Bem, eu ganhei uma versão do Corão anos atrás em um evento e resolvi fazer o que mais prudente me pareceu para tirar minhas próprias conclusões: ler. Claro, tive certo treinamento, digamos, filológico e hermenêutico (em minha formação em Filosofia) e estou demasiado ciente da importância do idioma original, etc. especialmente em textos que são vistos como registros literais das revelações (diferentemente dos evangelhos cristãos, por exemplo). Mas, estudar o idioma árabe apenas para esta leitura não me pareceu necessário: nas partes em que desconfiei mais da tradução, recorri as ferramentas virtuais (abundantes!) em inglês, que comparam e comentam o árabe original. Bem, ainda não terminei a leitura (estou caminhando para a metade e, confesso, desestimulado), mas resolvi postar cá umas primeiras impressões e reflexões. E claro, é bom dizer em bom som: não sou um especialista em nada disto, tratarei o texto como alguém “de fora”.

Comparado aos textos do Cristianismo contidos na Bíblia cristã (“Novo Testamento” e as cartas de Paulo, etc.), o Corão tem me parecido mais, na falta de uma palavra melhor, “potente”: as revelações se deram a Maomé em diferentes momentos, mas mantém uma maior coerência interna (o que seria de se esperar, no final das contas, é um texto de “uma só cabeça”, diferente dos evangelhos).

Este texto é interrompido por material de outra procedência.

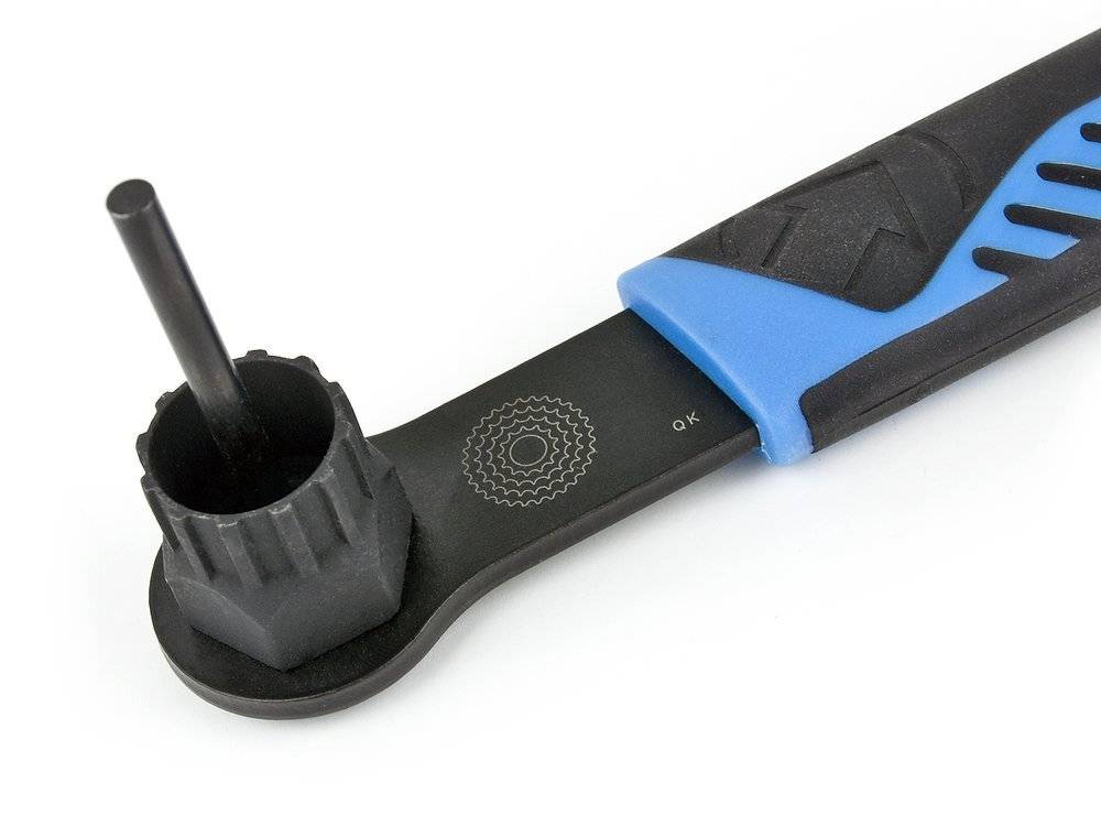 2. W tylnym kole naszego przykładowego roweru oś przelotowa ma 12 mm średnicy, więc zmieści się tam inna nakrętka i klucz (a mogli użyć w rowerach tej samej, co z przodu...). Klucz ten sam, co do kaset.
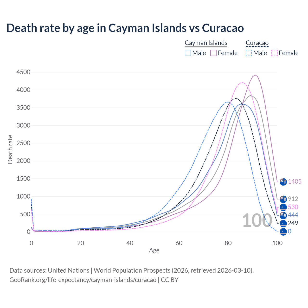 In the Cayman Islands, the most common age of death is 89, compared to 83 in Curacao. The median age of death is 84.9 in the Cayman Islands and 80.4 in Curacao, meaning only half of each cohort is expected to live past that age.
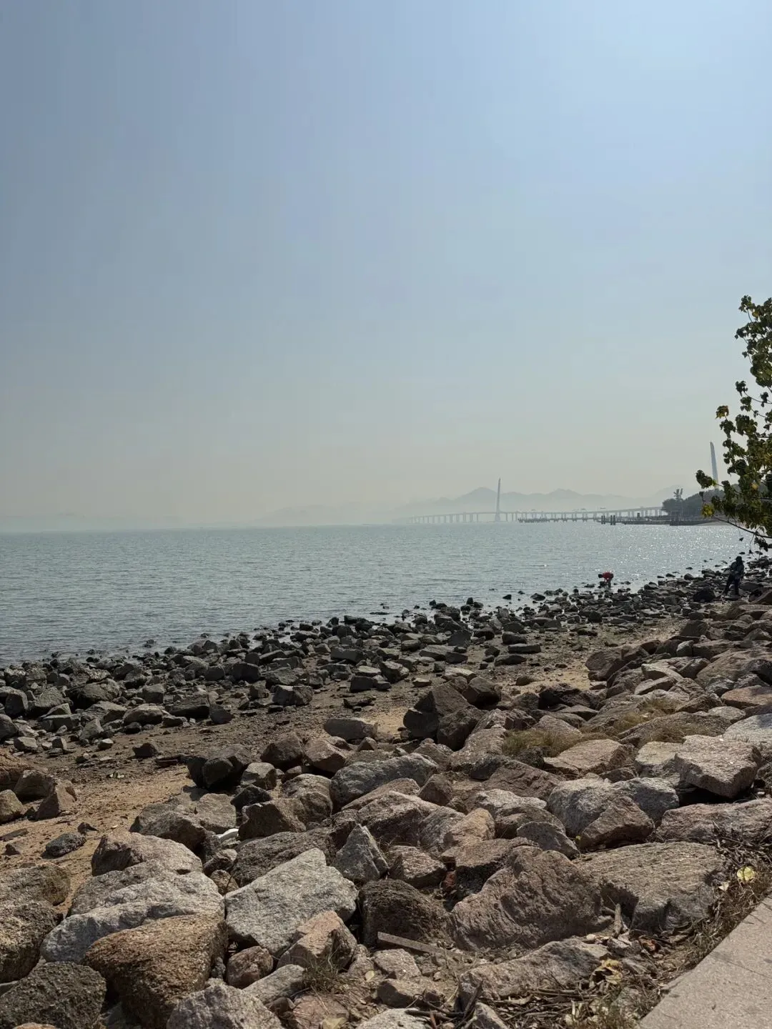 飞翔的海鸥以及远处的深港跨海大桥尤其是在日落时分,夕阳余晖洒在海面上,波光粼粼
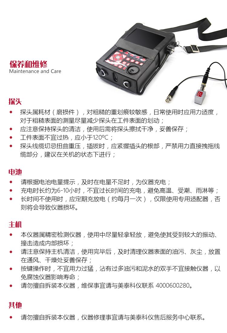 | 美泰標(biāo)準(zhǔn)超聲波探傷儀C系列內(nèi)置電池,電池類型為:鋰電池,電壓:7.2V,電池容量:8800mAh。屬美泰超聲波探傷儀C系列產(chǎn)品的標(biāo)準(zhǔn)配置。使用中,切勿自行拆解電池組;僅限使用本公司提供的專用的電源適配器進(jìn)行充電,否則將會導(dǎo)致電池?fù)p壞,長時(shí)間不使用時(shí),應(yīng)定期充放電(約每月一次),防止失效。 | |

Talvez o que se possa comparar melhor, neste sentido (de um só autor “inspirado”), seja as próprias cartas de Paulo, mas estas, diferentemente das suratas do Corão (apesar destas também condensarem momentos teofânicos, digamos), foram escritas para comunidades cristãs diferentes e focadas em questões específicas daquelas comunidades. Além disto, há uma retórica mais inflamada e que transparece, de fato, um maior estado de “transe” ou influência mística na escrita de algumas das suratas, em oposição – novamente – a uma prosa mais “tranquila” que predomina nas cartas de Paulo ou na redação de alguns dos Evangelhos. Talvez, caso eu não esteja enganado, este tipo de “atmosfera” discursiva na Bíblia cristã, para comparação, aparece mais em um texto como as Revelações, por exemplo. Pelo menos foi a impressão que ficou em mim.

Ainda em termos de uma certa estilística, pelo pouco que conheço, o Corão traz certas repetições de frases específicas que – não procurei, nem terminei de ler o texto ainda – talvez formem um padrão: e isto seria um apontamento significativo para certa transmissão oral do texto, antes de uma versão escrita final. Mas não conheço absolutamente nada da formação histórica do texto e talvez seja uma divagação errônea.

Em termos de conteúdo, de doutrina, a leitura do Corão me deixou claro certas coisas até agora. Há sim, incontestavelmente, uma instigação a dominação e expansão guerreira, em termos que agradam qualquer um que tenha um mínimo de virilidade. Mas há, justamente, aquele radicalismo exclusivista ainda mais forte e uma instigação direta ao assassínio de infiéis. Eu como um infiel, não posso deixar de notar que estou na mira de muito do que é exposto ali. É um fato, não é conversa de “islamófobo”. Alguém dirá “ah… mas a Bíblia também tem”, bem, eu retrucaria dizendo: “ok, leia o Corão e depois a gente conversa”.

Particularmente, valorizo o aspecto guerreiro às claras, direto, sem subterfúgios, e não seria diferente do que tem nisto no Corão; no entanto, como caio na “carapuça” do inimigo traçado lá, até por ser o tipo de “idólatra irremediável”, é óbvio, que não tenho como não me sentir incomodado pelas ameças e promessas de destruição. E nisto preciso ser claro: não há um Corão dos sunitas e um outro diferente dos Xiitas, não adianta virem cá dizer que “ah… são os alauítas radicais”, ou “ah… são wahabitas financiados pelos yankees isso e aquilo” eu retrucaria, mais uma vez com “ok, leia o Corão e depois a gente conversa”. As passagens (que são muitas, na 2ª surata e 4ª, por exemplo, há as mais memoráveis para mim, até agora) são claras; contorcionismos interpretativos para torná-las “pacifistas” e “brandas” não passam de subterfúgio… Leiam, não acreditem em mim.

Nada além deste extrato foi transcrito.